Customers aren’t too fond of banks but investors may be
By Dian Vujovich
It’s real easy to dislike banks these days. For openers, these financial institutions have made it financially challenging to use many of their services. Limited, if not totally gone, are the days when the banker at the corner personally knew you and your family and consequently had a say in the kind and amount of business conducted. That’s too bad too because without a good customer/banker relationship our individual and business growth gets horribly stymied.
Many with stellar credit ratings can’t get a mortgage even when they’ve ample cash for a down payment. People are grossing about the ridiculous levels of fees on everything from overdraft ones to those tacked on when there’s not enough money kept in an account, etc., etc. Worse yet might be the fees involved when someone decides to close their account and leave a bank altogether.
I’m not sure if it’s the banks that have stolen a page from the airlines playbook and gone fee crazy or the other way around. All I know is banks pretty much stink when it comes to doing quality-conscious business with their customers.
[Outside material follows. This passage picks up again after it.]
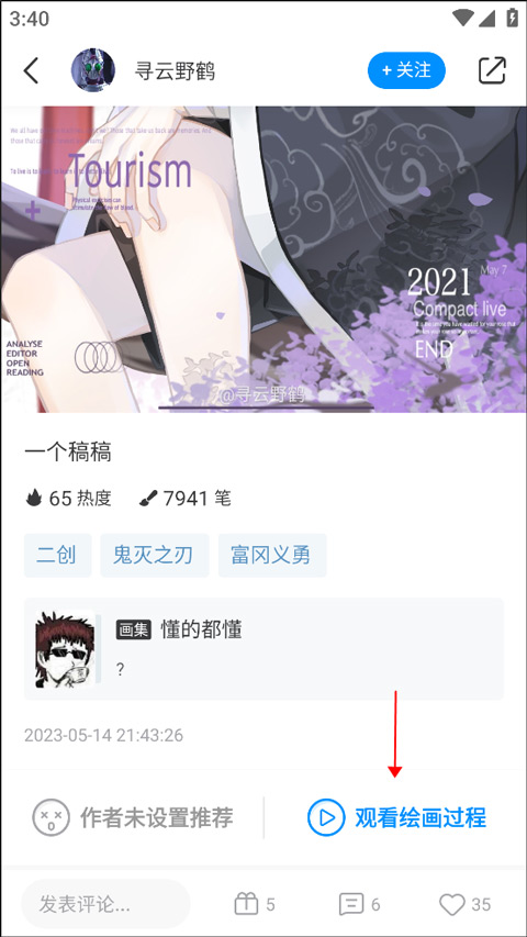 5、看到喜欢的点击进去还能在下方观看绘画过程;

According to Mybudget360.com, $29.5 billion was charged in overdraft fees last year. That’s a big slap on the customer’s hands and a dandy addition to a bank’s coffer. Then again, when it comes to borrowing money, the Fed Funds rate (the interest rate institutions charge one another to lend balances overnight) has been close to 0 since 2009 while the average interest rate customers pay to use their bank credit cards is 15 percent.
Even with mortgage rates at historic lows, in the neighborhood of 3.8 percent, few banks are lending meaning few individuals are able to purchase new or used homes. Without a vibrant real estate market, the kibosh gets put on everything from employing people within all aspects of the new home business along with those involved in the secondary home market. That includes those who renovate them or sell home furnishings, appliances, lawn maintenance services etc., etc.
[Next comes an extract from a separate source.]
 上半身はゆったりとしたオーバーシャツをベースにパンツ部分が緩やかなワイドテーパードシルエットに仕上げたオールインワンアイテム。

We all know that banks have plenty of moola but instead of loaning it out to get America growing again, many are preferring not to while still electing to take investment risks with the money depositors have entrusted to them. All of which adds up to a ridiculous situation. Especially when growing our economy is something the U.S. is in desperate need of.
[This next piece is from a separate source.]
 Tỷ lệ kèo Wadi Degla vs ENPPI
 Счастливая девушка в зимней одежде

On the other hand, which is a hand that seems to be carrying way too much clout these days, there are the investing opportunities in the banking and financial arena.
On Friday, (6/8/12) the four most active banking stocks by volume wereBank of America (BAC); JPMorganChase (JPM); Wells Fargo (WFC); and Citigroup (C). All closed below their 52-week highs.
As of 10 a.m. this morning, all four were trading higher.
Bottom line: While there are still risks involved within the banking and financial arena, there are opportunities.
That said, profits to be gained are one thing but not everything. Better to have a growing economy than a stagnant one. Better to have banks lending than hoarding. Better to keep your customers happy than your shareholders. Shareholders ruling is akin to the fox guarding the henhouse.